Calculate summary statistics when collapsing over a certain variable. For example can calculate summary statistics across a set of draws, or locations, or location-years, etc.

summarize_dt(
  dt,
  id_cols,
  summarize_cols,
  value_cols,
  summary_fun = c("mean"),
  probs = c(0.025, 0.975)
)

Arguments

dt

[data.table()]
Data to calculate summary statistics for.

id_cols

[character()]
ID columns that uniquely identify each row of dt.

summarize_cols

[character()]
The id_cols that should be collapsed and to calculate summary statistics over.

value_cols

[character()]
Value columns that summary statistics should be calculated for. When more than one column is specified, each of the summary statistic columns that are returned are prefixed with the value column name.

summary_fun

[character()]
Names of the functions that can be used to summarize a vector of values. Default is "mean".

probs

[numeric()]
Probabilities with values in [0,1] to be used when producing sample quantiles with stats::quantile(). Default is 0.025 and 0.975 for the 2.5th and 97.5th quantiles. Can be NULL if no quantiles are needed.

Value

[data.table()] with id_cols (minus the summarize_cols) plus summary statistic columns. The summary statistic columns have the same name as each function specified in summary_fun and the quantiles are named like 'q_(probs * 100)'. If more than one value_cols is specified, each of the summary statistic columns that are returned are prefixed with the value column name.

Details

summary_fun correspond to names of functions in R that can take a vector of values and reduce to one summary statistic. This can also include user defined functions specified in the global environment.

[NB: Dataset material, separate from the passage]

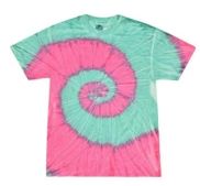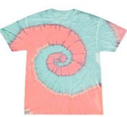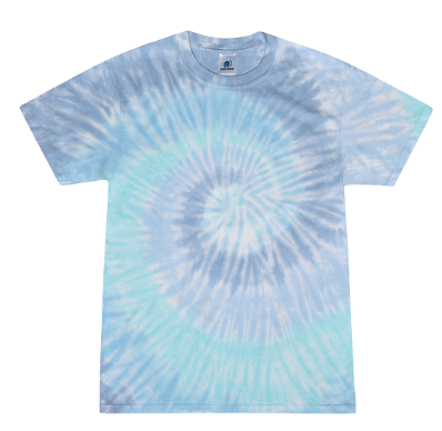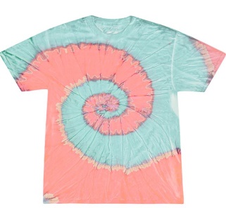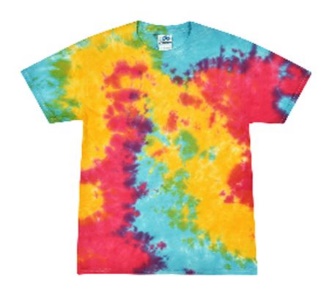 Paquetes surtidos nuevos de excedente (overstock) de camisetas tie dye lisas, vendidos a $/unidad.

The probs argument is used to specify the probabilities to calculate sample quantiles for using the stats::quantile() function. The default 2.5 and 97.5 quantiles would have columns named 'q2.5' and 'q97.5' in the returned data.table.

Examples

input_dt <- data.table::data.table(location = "USA", draw = 1:101, value = 0:100) output_dt <- summarize_dt( dt = input_dt, id_cols = c("location", "draw"), summarize_cols = "draw", value_cols = "value" ) # no quantiles calculated output_dt <- summarize_dt( dt = input_dt, id_cols = c("location", "draw"), summarize_cols = "draw", value_cols = "value", probs = NULL )